Se le tabelle non vengono create all'attivazione, controlla gli script SQL: un punto e virgola mancante o una sintassi incompatibile con il tuo database possono essere sufficienti a bloccare l'installazione. Disattiva e riattiva il modulo per riavviare la procedura una volta apportata la correzione.
Una buona abitudine: lavorare per piccole iterazioni. Modificare una sola cosa alla volta, poi testarla. Quando qualcosa non funziona, si sa immediatamente quale modifica ne è responsabile, mentre un gran numero di modifiche rende la diagnosi molto più difficile.
Domande frequenti
È obbligatorio utilizzare il Module Builder?
No, puoi scrivere tutto a mano copiando il modello del descrittore. Tuttavia, a partire da Dolibarr 9, il Module Builder è il metodo consigliato: genera codice pulito e conforme, ti fa risparmiare tempo prezioso e riduce gli errori.

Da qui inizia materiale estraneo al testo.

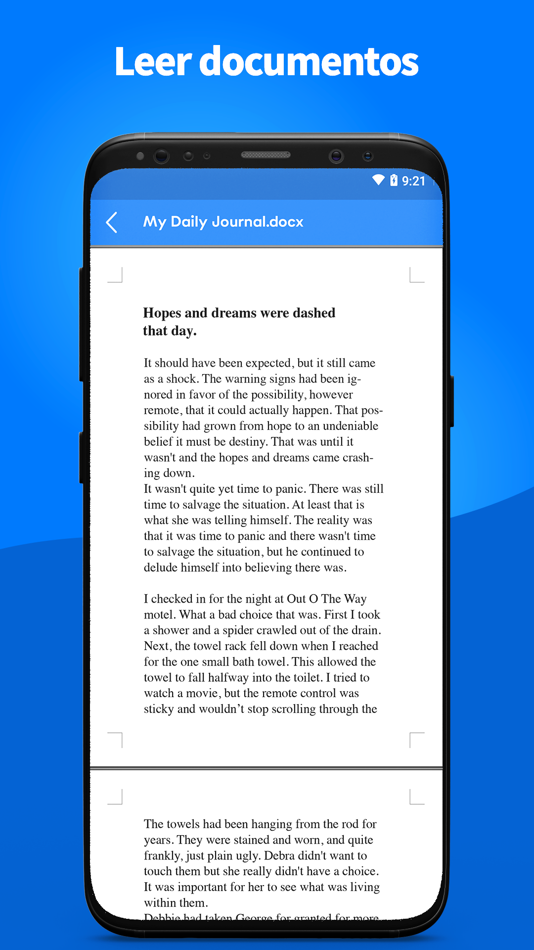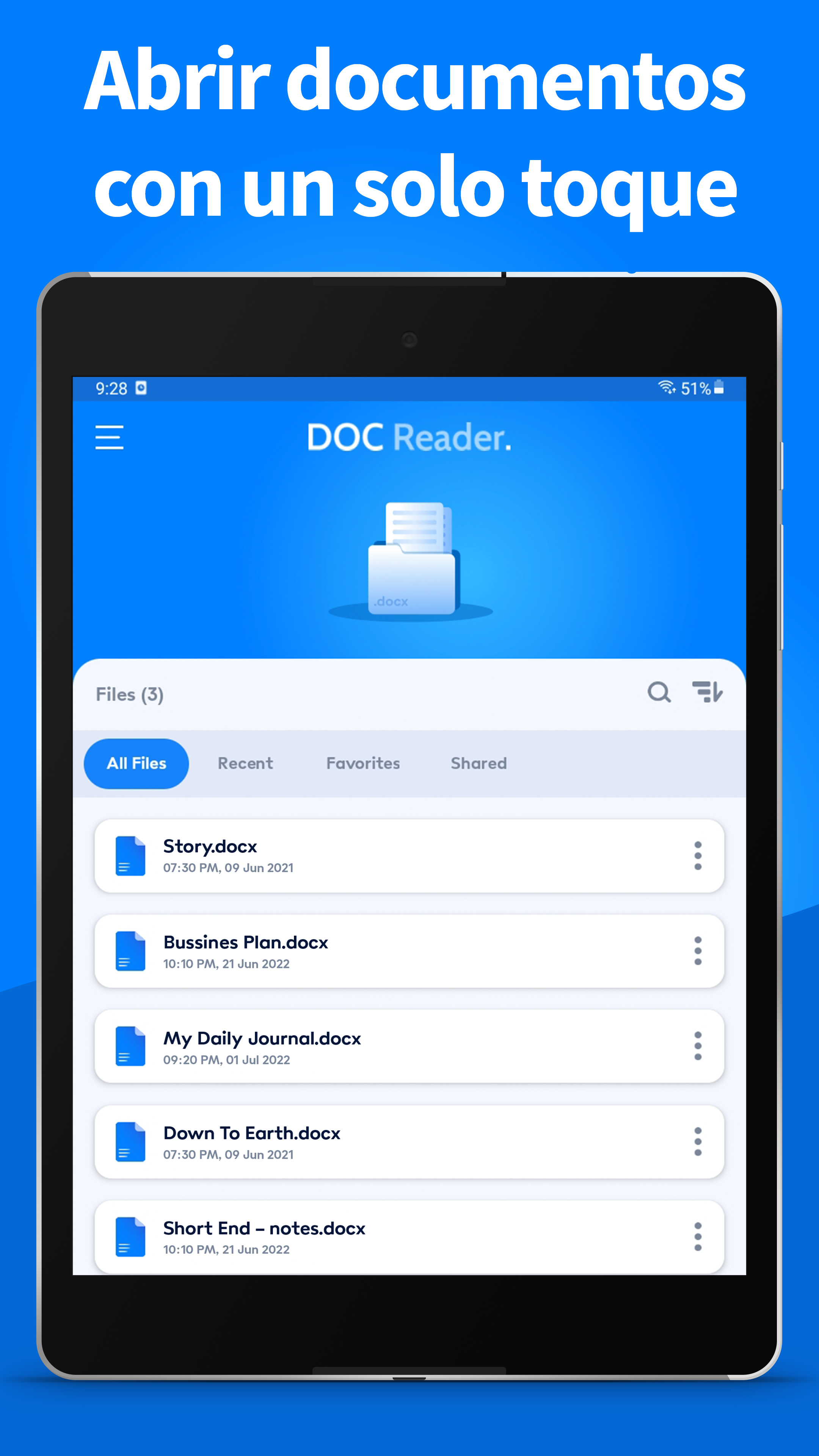 Doc Reader es una poderosa herramienta para leer diferentes documentos de oficina como word, doc, docx y muchos más. Es una aplicación de visualización de archivos sencilla, rápida y ligera con muchas opciones. Gestiona tus documentos con un solo toque, incluso sin conexión a Internet directamente en tu dispositivo móvil. Nuestra aplicación está diseñada para ser una solución universal que funciona con todo tipo de documentos: Docx, Word, Excel, PDF, PPT, TXT, etc. Nos preguntamos: "¿qué debe hacer la aplicación universal y qué funciones debe tener?". No queremos que tengas que ir saltando de pestaña en pestaña para leer o ver archivos en una aplicación separada de "apertura de archivos XLSX o docx". Queremos ofrecerte la comodidad de leer cualquier documento sin tener que resolver los rompecabezas de cómo debes hacerlo en tu dispositivo. ¿Necesitas leer archivos de MS Word o PDF? Aquí tienes. ¿Necesitas abrir una tabla de Excel? No hay problema, ¡sólo tiene que encontrarla y editarla! ¡Lo tenemos todo empaquetado en un solo producto! Así pues, veamos la versión resumida de nuestras ventajas: • Una aplicación que tiene todo lo que necesitas con respecto a los archivos de MS Office • Funciona con docx, pdf, ppt, pptx, xlsx, txt y muchos más • Lector de archivos Doc y PDF • Visor de Excel y Word • Busca rápidamente tus archivos docx • Evita la necesidad de cambiar de aplicación • Te permite trabajar con documentos de MS más rápidamente • Comparte documentos con tus amigos y colegas • Todas las opciones necesarias como renombrar, borrar, compartir, etc. • Puedes utilizarlo para trabajar con documentos sin conexión Si quieres olvidarte de trabajar con decenas de aplicaciones simultáneamente sólo para leer y trabajar con diferentes archivos, entonces descarga esta aplicación. Con nuestra aplicación, ¡será sencillo para ti! Rápido, cómodo y con todas las funciones que quieras, ¿qué más necesitamos? Esta aplicación de visor de archivos es totalmente compatible con los archivos de Word Office, incluyendo archivos de Word, Excel y Docx. Formatos de documentos compatibles: • Documento de Word: DOC, DOCX, DOCS • Documento de Excel: XLS, XLSX • Documento de presentación / diapositiva: PPT, PPTX, PPS, PPSX • Otros lectores y archivos de Word Office: TXT

Puoi poi modificare manualmente i file generati.
Dove devo posizionare il mio modulo: nella directory personalizzata o nella directory principale?
Per un modulo esterno, posizionarlo sempre in htdocs/custom/ . La directory principale è riservata ai moduli destinati a diventare moduli core ufficiali di Dolibarr. La directory custom garantisce la separazione dal core.
Il mio modulo resisterà agli aggiornamenti di Dolibarr?
Sì, a patto che tu rispetti la regola d'oro: non modificare mai il codice del kernel. Poiché il tuo modulo risiede in una directory separata e utilizza i meccanismi ufficiali (hook, trigger, descrittori), rimane compatibile con gli aggiornamenti di versione, a condizione che tu mantenga aggiornate le API.
Posso distribuire o vendere il mio modulo?
Certamente. Molti moduli di terze parti, sia gratuiti che a pagamento, sono disponibili sul marketplace ufficiale. Assicurati solo di rispettare la licenza di Dolibarr e di fornire una documentazione chiara e le traduzioni necessarie.
Conclusione
Creare un modulo Dolibarr personalizzato è semplice. Grazie al Module Builder , la struttura di base viene generata in pochi clic, lasciandoti il compito di personalizzare il descrittore, dichiarare permessi e menu e definire i tuoi oggetti di business. Seguendo i passaggi di questo tutorial, ora disponi di solide basi per la creazione di estensioni personalizzate.
Il punto di forza di questo approccio risiede nel rispetto che riserva al software: tutto il tuo lavoro rimane isolato nella directory personalizzata, protetto dagli aggiornamenti. Puoi adattare Dolibarr alle tue esigenze più complesse senza mai comprometterne la funzionalità a lungo termine.
Il modo migliore per progredire ora è fare pratica. Avvia il tuo ambiente di sviluppo, genera il tuo primo modulo, aggiungi un oggetto e un menu e inizia a esplorare gradualmente hook, trigger e API. Ogni modulo che creerai ti renderà più a tuo agio con l'architettura di Dolibarr e ti aprirà le porte a possibilità pressoché illimitate.